Il avait détourné le regard et son visage affichait un air quelque peu hagard, comme s'il n'avait pas digéré ce qui lui était vraisemblablement arrivé. Liam se tendit aussitôt et craignit le pire.
- Tu vas bien?
Son ton préoccupé dut réveiller Stiles puisque cette fois-ci, il le regarda sans difficulté et garda ses yeux sur lui.
- Oui, je… Ça va, c'est juste…
Très vite, il comprit ce qu'avait voulu dire Liam et le rassura quant au fait que personne n'était entré par effraction ni ne lui avait fait de mal. Son malaise, frôlant le mal-être, était ailleurs… Et suffisamment fort pour qu'il trouve tout à fait logique l'idée de lui en parler. Peut-être même nécessaire.
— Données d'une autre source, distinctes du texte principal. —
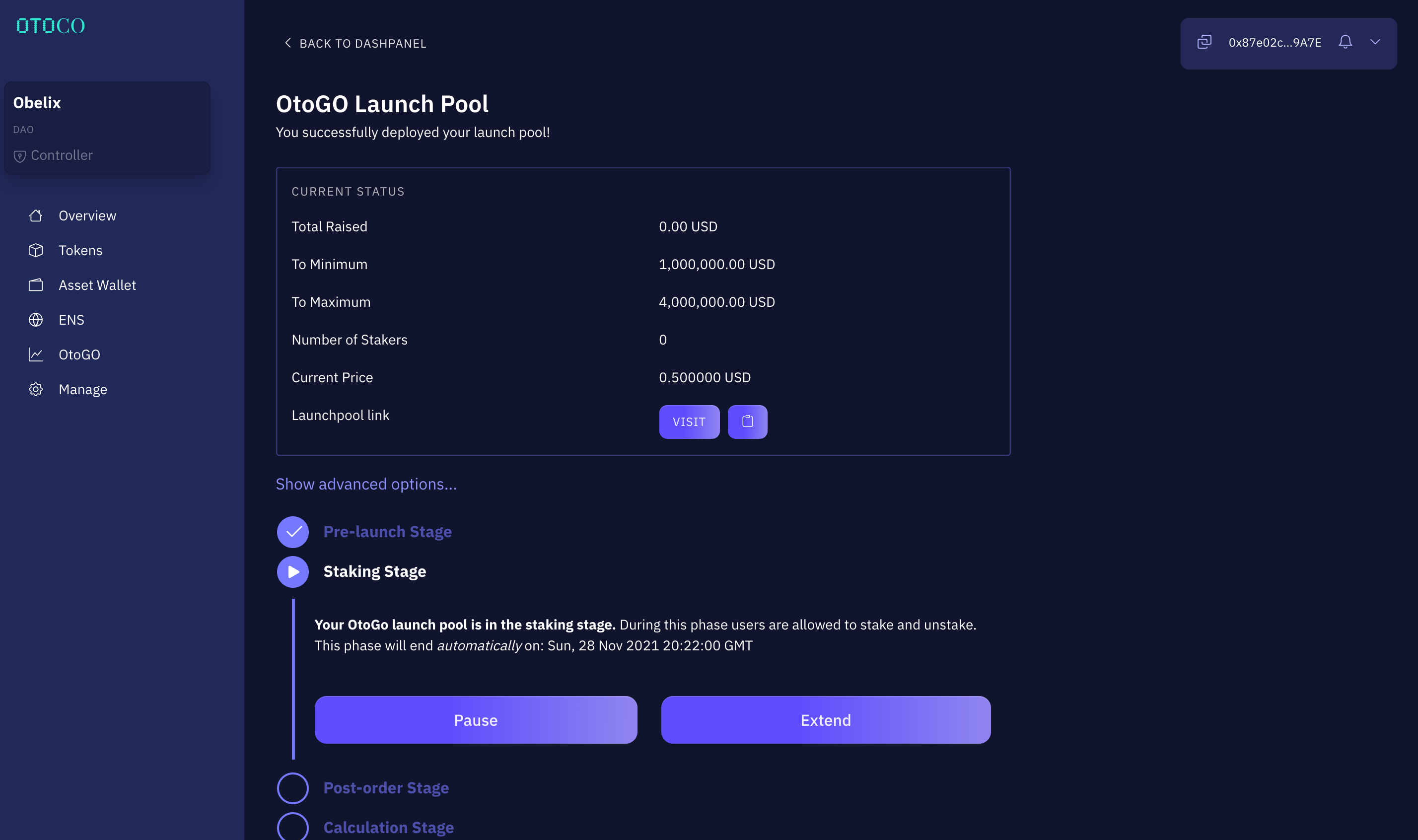Once the above transaction confirms, you will be able to manage your launchpool’s lifecycle.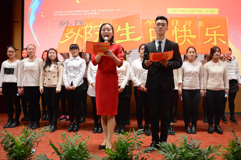 桃李盈门贺四十华诞,芝兰满室描千秋蓝图。12月27日晚,为庆祝外国语学院建院四十周年,外学国语院专业实践汇报演出在院学术报告厅成功举办。外国语学院党委书记宋霞、院长梁晓冬、党委副书记赵红杰等领导携外院老师及校友出席此次活动,百余名学生观看汇演。

Il avait confiance en lui et d'une certaine manière… Il n'avait que lui, pour l'instant du moins – et il n'irait pas cracher sur sa présence.
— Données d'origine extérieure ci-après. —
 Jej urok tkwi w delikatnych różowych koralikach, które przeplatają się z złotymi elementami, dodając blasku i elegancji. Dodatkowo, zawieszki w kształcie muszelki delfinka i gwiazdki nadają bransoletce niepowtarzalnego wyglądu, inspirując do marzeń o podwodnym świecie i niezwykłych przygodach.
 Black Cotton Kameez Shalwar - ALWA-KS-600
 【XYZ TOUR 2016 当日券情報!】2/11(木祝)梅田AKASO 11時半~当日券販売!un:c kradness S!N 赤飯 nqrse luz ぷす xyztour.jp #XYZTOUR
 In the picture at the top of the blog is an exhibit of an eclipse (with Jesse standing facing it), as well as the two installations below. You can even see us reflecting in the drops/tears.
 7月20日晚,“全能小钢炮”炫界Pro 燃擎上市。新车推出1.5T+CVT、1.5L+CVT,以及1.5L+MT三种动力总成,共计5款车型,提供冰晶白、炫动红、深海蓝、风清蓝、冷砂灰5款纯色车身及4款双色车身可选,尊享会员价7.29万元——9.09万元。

- Je suis juste un peu plus atteint que je le pensais, avoua-t-il finalement, les épaules basses.
Et ce constat, aussi difficile à faire fut-il, était nécessaire. Stiles avait parfaitement conscience du fait que sa tendance à garder les choses pour lui était quelque chose de néfaste – qui ferait tout, sauf l'aider à guérir de surcroît. De fait, il commençait effectivement à voir son état comme une forme de maladie ou d'altération de celui qu'il devait être. Et bordel ce qu'il détestait être ainsi… Voilà ce qui le poussait dans ses retranchements et le faisait agir différemment. D'une certaine manière, il se servait de Liam, de sa présence, de son écoute… Mais avait-il d'autres choix que celui-ci? Bien sûr, Stiles n'avait pas la moindre intention de le manipuler. Néanmoins, s'il avait la possibilité de se livrer librement et que cette méthode lui permettait de redevenir celui qu'il était avant cette sordide histoire… Il le ferait.
Sauf que sa mémoire était marquée à vie, à vif également. Il y avait eu un avant, il y aurait un après. Entaché, peut-être un peu déchiré. Il arborerait des cicatrices qui n'existait pas et des schémas de pensée inédits. Mais ça, Stiles ne le verrait qu'en temps voulu, lorsqu'il se retrouverait frontalement confronté à cette idée.
Pour l'heure, il pensa surtout à cette douche maudite qui, avec du recul, l'effrayait tellement qu'il avait envie d'esquiver les prochaines.